WORK TO COMPLETE> Each entry must be given again exactly; images do not belong in the copy.

SUPPLIED INFORMATION>

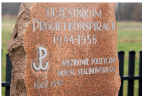
Narodowy Dzień Pamięci Żołnierzy Wyklętych 01_03_2024-0357
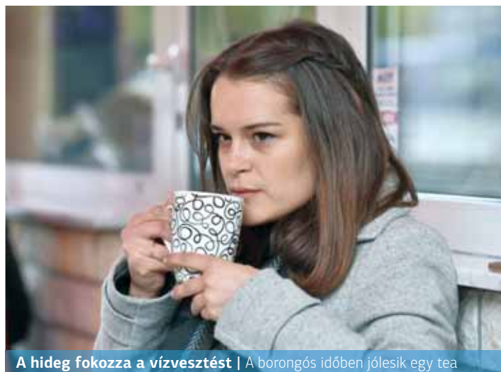
A hideg fokozza a vízvesztést | A borongós időben jólesik egy tea

Bár az őszi-téli szezonban talán kevésbé érezzük, a hideg időjárás is fokozza a vízvesztés mértékét. Télen a belélegzett levegő tipikusan alacsony, míg szervezetünk magas víztartalmú, a kilélegzett levegő páratartalma ezáltal magasabb, ami megnövekedett vízvesztéssel jár. Ez körülbelül 250-250 millilitert jelent naponta, de a ténylegesen elvesztett mennyiséget nagymértékben befolyásolják a környezeti viszonyok is, így a levegő hőmérséklete, páratartalma, a szélesség,
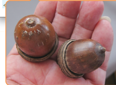
↑オキナワウラジロガシ
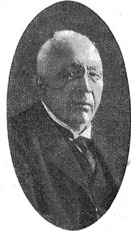
Bundesrichter Dr. Virgile Koffel von Tramelan, Vizepräsident des Bundesgerichtes für 1927/28.

Aargau. In Aarau soll auf dem Areal des von der Hoch- und Tiefbaugesellschaft A.-G. gekauften Hotels „Dahlen“ ein Theatergebäude für 700—800 Personen gebaut werden, welches sowohl für Bühnendarstellungen als auch Lichtspielvorführungen geeignet ist. — In Dottikon wurde bei Korrekturen an der Bünz ein gut erhaltenes Skelett ausgegraben, dessen Schädel an der Stirne eine eingeschlagene Stelle aufweist. Man glaubt, daß der Fund aus dem Willmergerkrieg stamme, da das Skelett mehr als 100 Jahre im Boden gelegen haben dürfte. — Im Hallwylsee geht der Balgenfang von Jahr zu Jahr zurück. Der Grund hievon dürfte in der starken Veralung des Seegrundes und der Zunahme der Hechte zu suchen sein.
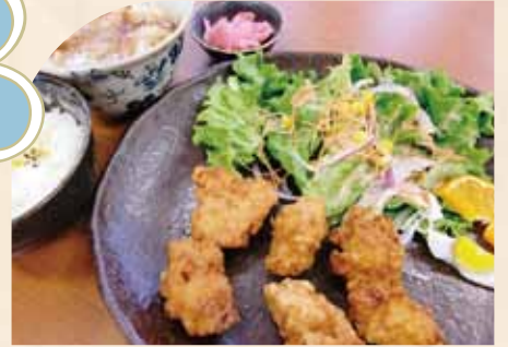
唐揚げ定食 (ご飯・小うどん付)
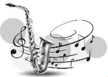
Fête de la musique 25 juin Comité des fêtes
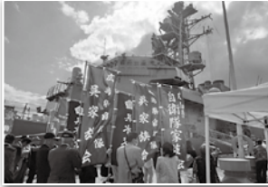
6月3日 アデン湾ソマリア沖海賊対処部隊「さみだれ」激励見送り (呉基地)
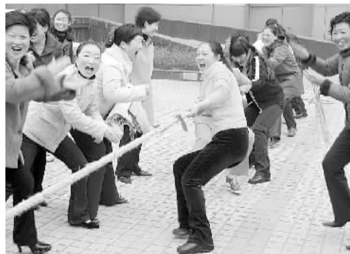
丰富多彩的职工体育文化活动

2009年周口新联通全年投资预算总额近3亿元,主要用于建设基础传送网、宽带IP网和移动业务网络。宽带IP网新增10万线接入端口,GSM网络2009年新建330个基站,2009年新建3G的WCDMA网络90个基站。通过不懈努力,保证我市各个领域的信息化水平大幅度快速提升,为我市又好又快发展做新的更大贡献。
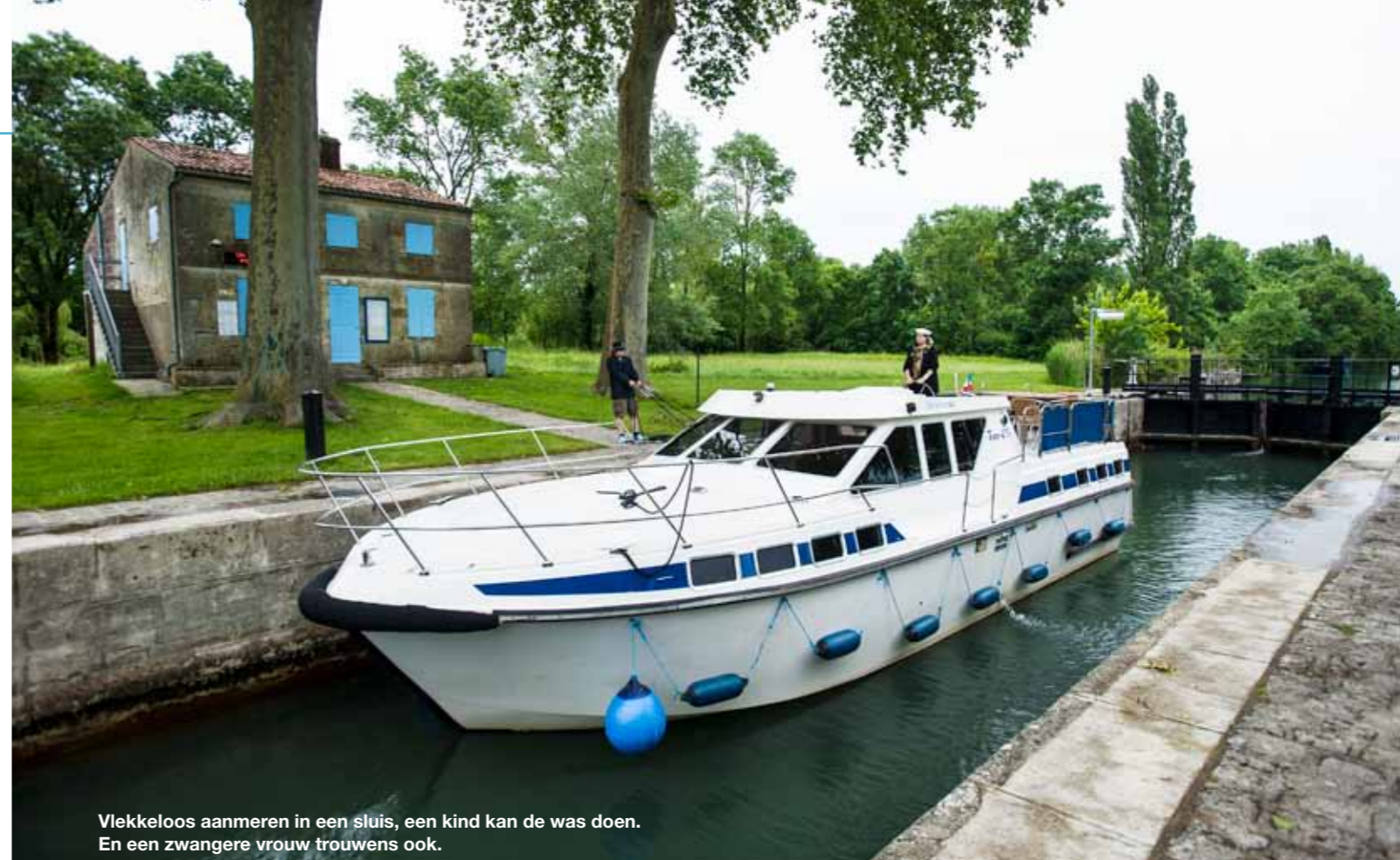
Vlekkeloos aanmeren in een sluis, een kind kan de was doen. En een zwangere vrouw trouwens ook.

lijken. Het gaat al richting het eind van de middag wanneer we slingerend als een ouwe zatlap de stad achter ons laten. Misschien niet eens zo'n heel ongebruikelijke manier om Cognac te verlaten. Hard gaat het niet, zo'n boot. Hooguit een kilometer of 10 per uur. Maar daar gaat het niet om. We worden nergens verwacht, we hoeven nergens naartoe. De reis is het doel. Zoals het landschap voorbijglijdt, zo glijden ook de laatste
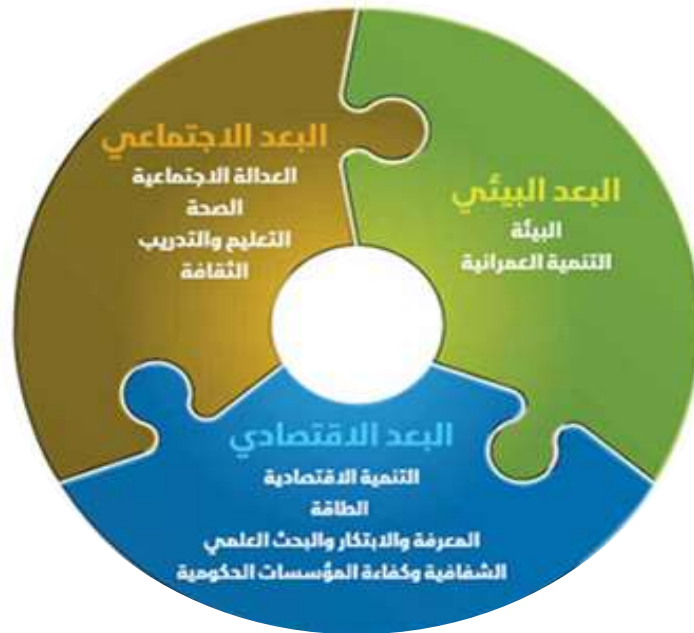
شكل رقم (١) ابعاد التنمية المستدامة
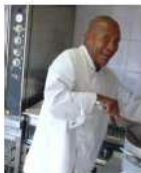
Le chef cuisinier
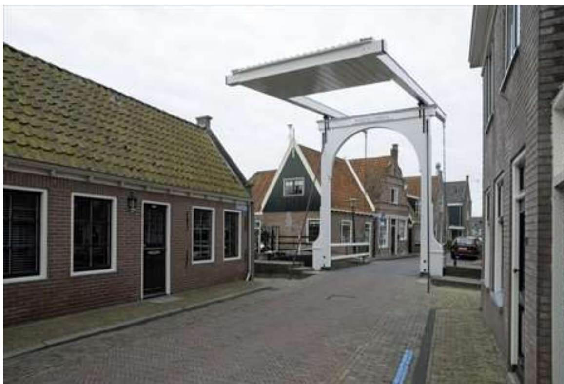
Overzicht van de ligging van het pand aan de overzijde van de Pompsluisbrug.
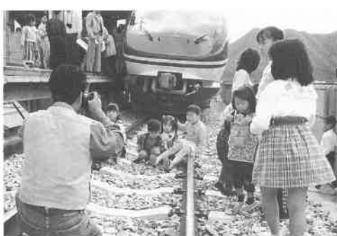
スーパーはくとの前で記念写真

「スーパーはくと」を見学しようと、家族連れや鉄道ファンなど約五百人が参加しました。
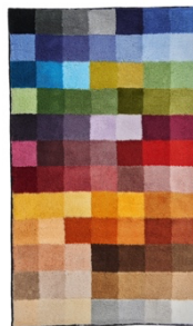
BADTEPPICH CUBETTO: 85x145 cm, 100% Polyacryl, Multicolor, ab 259,99 €
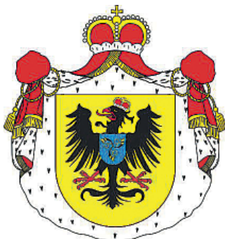
Герб князей Радзивиллов.

В польском подполье действовала и дефен-
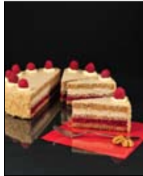
Str: 86 Pirina torta z orehi, malinami in smetano
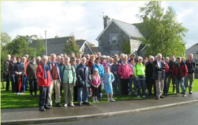
Foto: el grupo del GST en la antigua estación de Newcastle West en el Día Nacional del Senderismo.

El Día Nacional del Senderismo, el domingo 3 de octubre, fue la ocasión de celebrar la apertura de una nueva sección sobre la vía verde del Great Southern en la República de Irlanda
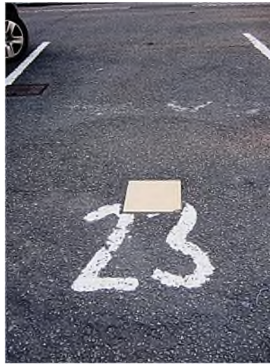
parkeerplaats graf John Knox
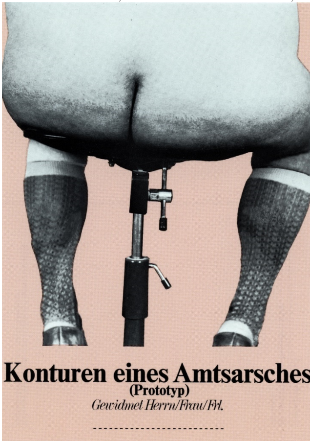
Abb. 7: Klaus Staeck, Amtarsch, 1974
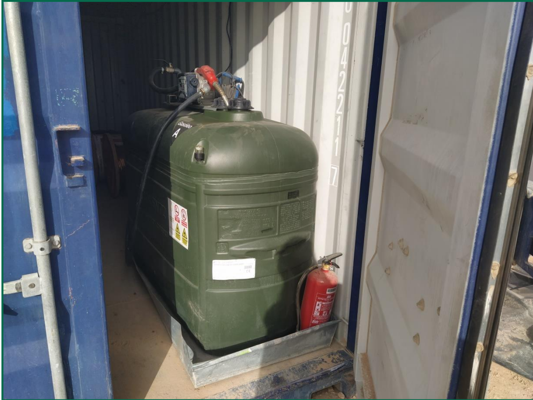
Fotografía 6. Depósito de combustible y extintor.

Se dispone de extintores tanto en la zona de casetas como en la zona de obras.
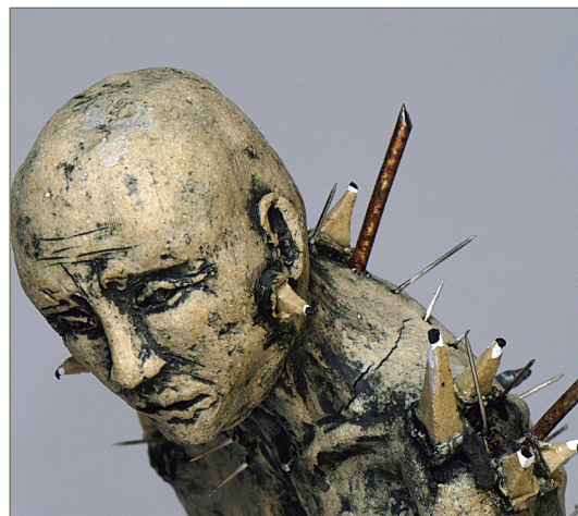
A Glimmer of Hope. Argile, teinture, glaçage.

de céramique. J'ai alors décidé de permettre une collision entre ces deux mondes en créant une exposition en solo de 16 œuvres que j'ai intitulée « Shards, Bone Deep ». Cet ensemble artistique explore les nombreuses relations que j'entretiens avec mon arthrite.
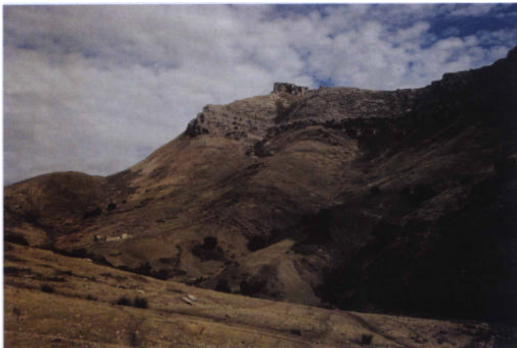
16. La Sierra Horconera y Puerto Mahina.
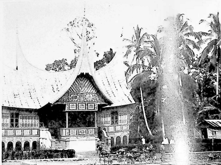
中部スマトラ トバ湖周辺の民家
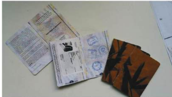
Figura 06- Passaporte dos Territórios da Arteterapia

seus nacionais no país que lhes admite o ingresso em seu território. Foi criado assim o passaporte Passaparte , dos Territórios da Arteterapia, pessoal e intransferível.
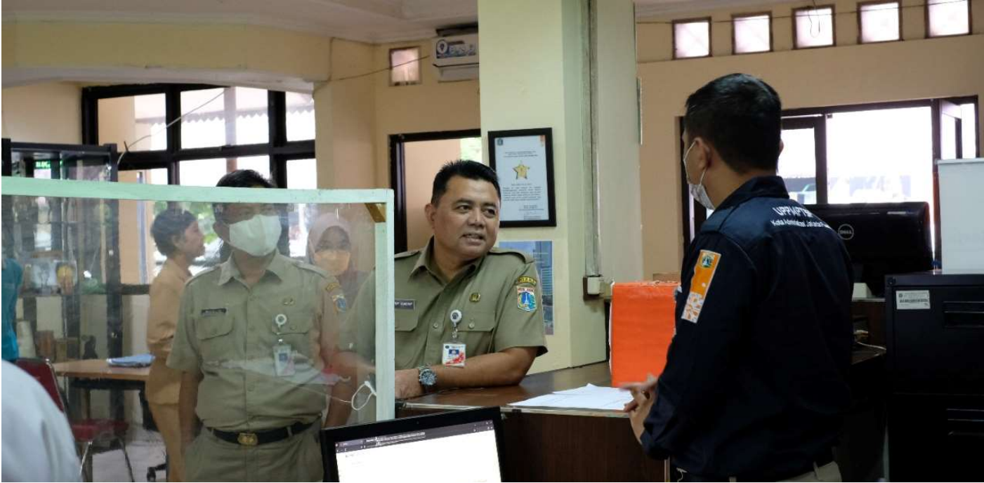
Aspem meninjau pelayanan di PTSP Keluaran Menteng.

Pemerintahan 6 Dec, 2022 Reporter: Nelly Marlianti | Editor: Andreas Pamakayo
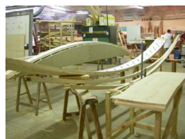
Fabrication des limons courbes sur gabarits en lamellé collé de sapin de pays
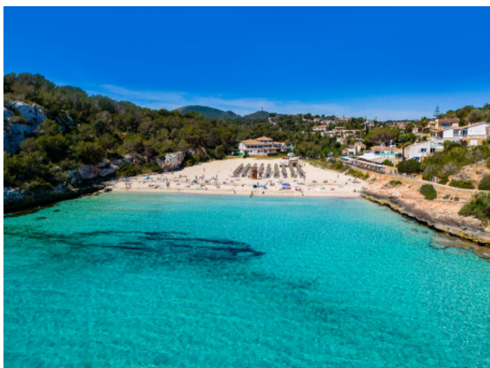
Playa cerca de la casa
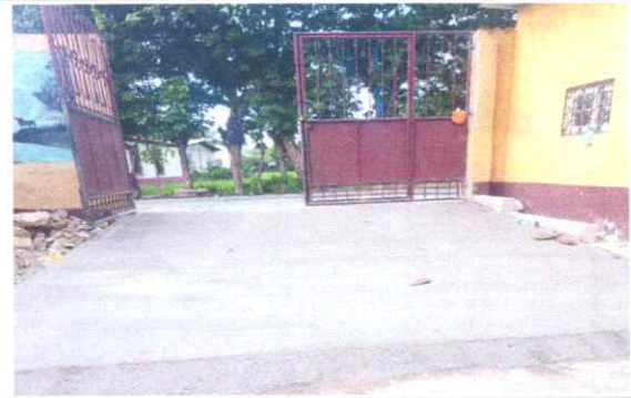
FOTO 6: Portón principal con rampa para el ingreso de vehículos al establecimiento.

Observación: Si es necesario se pueden agregar hojas adicionales y actualizar el número de hojas.
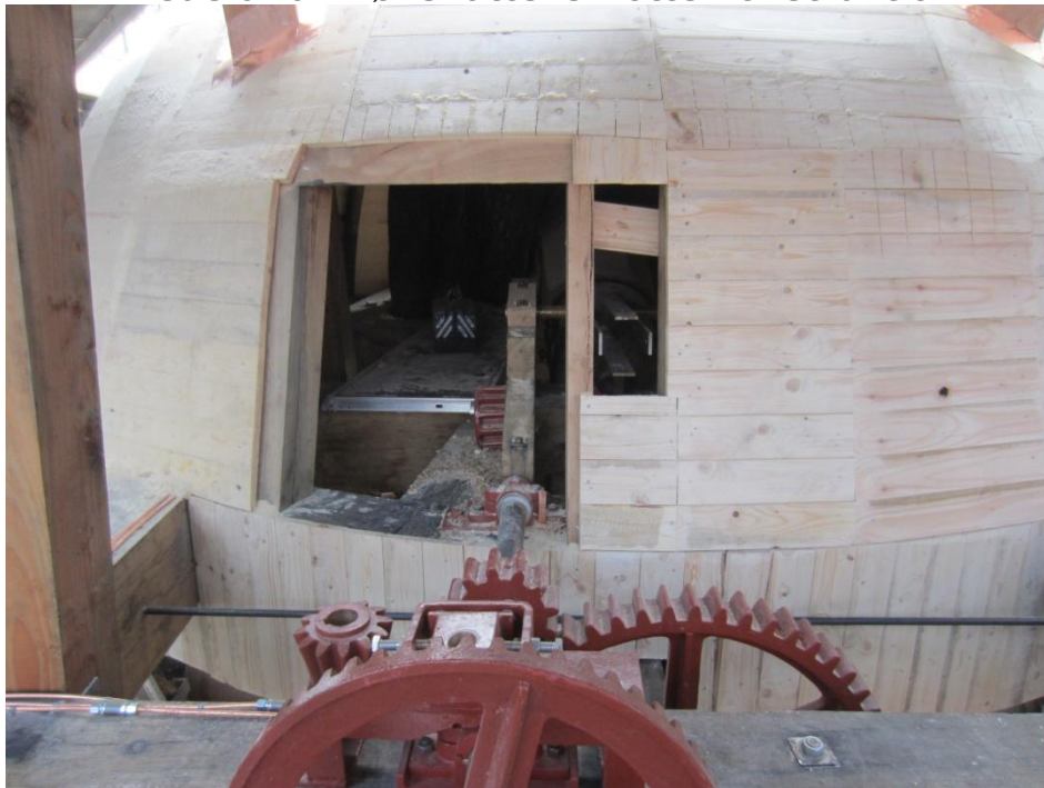
Hatten set udefra/bagfra med Geartøj til Vindrosen og hul til baglem

RESULT>
Narodowy Dzień Pamięci Żołnierzy Wyklętych 01_03_2024-0357
A hideg fokozza a vízvesztést | A borongós időben jólesik egy tea

Bár az őszi-téli szezonban talán kevésbé érezzük, a hideg időjárás is fokozza a vízvesztés mértékét. Télen a belélegzett levegő tipikusan alacsony, míg szervezetünk magas víztartalmú, a kilélegzett levegő páratartalma ezáltal magasabb, ami megnövekedett vízvesztéssel jár. Ez körülbelül 250-250 millilitert jelent naponta, de a ténylegesen elvesztett mennyiséget nagymértékben befolyásolják a környezeti viszonyok is, így a levegő hőmérséklete, páratartalma, a szélesség,
↑オキナワウラジロガシ
Bundesrichter Dr. Virgile Koffel von Tramelan, Vizepräsident des Bundesgerichtes für 1927/28.

Aargau. In Aarau soll auf dem Areal des von der Hoch- und Tiefbaugesellschaft A.-G. gekauften Hotels „Dahlen“ ein Theatergebäude für 700—800 Personen gebaut werden, welches sowohl für Bühnendarstellungen als auch Lichtspielvorführungen geeignet ist. — In Dottikon wurde bei Korrekturen an der Bünz ein gut erhaltenes Skelett ausgegraben, dessen Schädel an der Stirne eine eingeschlagene Stelle aufweist. Man glaubt, daß der Fund aus dem Willmergerkrieg stamme, da das Skelett mehr als 100 Jahre im Boden gelegen haben dürfte. — Im Hallwylsee geht der Balgenfang von Jahr zu Jahr zurück. Der Grund hievon dürfte in der starken Veralung des Seegrundes und der Zunahme der Hechte zu suchen sein.
唐揚げ定食 (ご飯・小うどん付)
Fête de la musique 25 juin Comité des fêtes
6月3日 アデン湾ソマリア沖海賊対処部隊「さみだれ」激励見送り (呉基地)
丰富多彩的职工体育文化活动

2009年周口新联通全年投资预算总额近3亿元,主要用于建设基础传送网、宽带IP网和移动业务网络。宽带IP网新增10万线接入端口,GSM网络2009年新建330个基站,2009年新建3G的WCDMA网络90个基站。通过不懈努力,保证我市各个领域的信息化水平大幅度快速提升,为我市又好又快发展做新的更大贡献。
Vlekkeloos aanmeren in een sluis, een kind kan de was doen. En een zwangere vrouw trouwens ook.

lijken. Het gaat al richting het eind van de middag wanneer we slingerend als een ouwe zatlap de stad achter ons laten. Misschien niet eens zo'n heel ongebruikelijke manier om Cognac te verlaten. Hard gaat het niet, zo'n boot. Hooguit een kilometer of 10 per uur. Maar daar gaat het niet om. We worden nergens verwacht, we hoeven nergens naartoe. De reis is het doel. Zoals het landschap voorbijglijdt, zo glijden ook de laatste
شكل رقم (١) ابعاد التنمية المستدامة
Le chef cuisinier
Overzicht van de ligging van het pand aan de overzijde van de Pompsluisbrug.
スーパーはくとの前で記念写真

「スーパーはくと」を見学しようと、家族連れや鉄道ファンなど約五百人が参加しました。
BADTEPPICH CUBETTO: 85x145 cm, 100% Polyacryl, Multicolor, ab 259,99 €
Герб князей Радзивиллов.

В польском подполье действовала и дефен-
Str: 86 Pirina torta z orehi, malinami in smetano
Foto: el grupo del GST en la antigua estación de Newcastle West en el Día Nacional del Senderismo.

El Día Nacional del Senderismo, el domingo 3 de octubre, fue la ocasión de celebrar la apertura de una nueva sección sobre la vía verde del Great Southern en la República de Irlanda
parkeerplaats graf John Knox
Abb. 7: Klaus Staeck, Amtarsch, 1974
Fotografía 6. Depósito de combustible y extintor.

Se dispone de extintores tanto en la zona de casetas como en la zona de obras.
A Glimmer of Hope. Argile, teinture, glaçage.

de céramique. J'ai alors décidé de permettre une collision entre ces deux mondes en créant une exposition en solo de 16 œuvres que j'ai intitulée « Shards, Bone Deep ». Cet ensemble artistique explore les nombreuses relations que j'entretiens avec mon arthrite.
16. La Sierra Horconera y Puerto Mahina.
中部スマトラ トバ湖周辺の民家
Figura 06- Passaporte dos Territórios da Arteterapia

seus nacionais no país que lhes admite o ingresso em seu território. Foi criado assim o passaporte Passaparte , dos Territórios da Arteterapia, pessoal e intransferível.
Aspem meninjau pelayanan di PTSP Keluaran Menteng.

Pemerintahan 6 Dec, 2022 Reporter: Nelly Marlianti | Editor: Andreas Pamakayo
Fabrication des limons courbes sur gabarits en lamellé collé de sapin de pays
Playa cerca de la casa
FOTO 6: Portón principal con rampa para el ingreso de vehículos al establecimiento.

Observación: Si es necesario se pueden agregar hojas adicionales y actualizar el número de hojas.
Hatten set udefra/bagfra med Geartøj til Vindrosen og hul til baglem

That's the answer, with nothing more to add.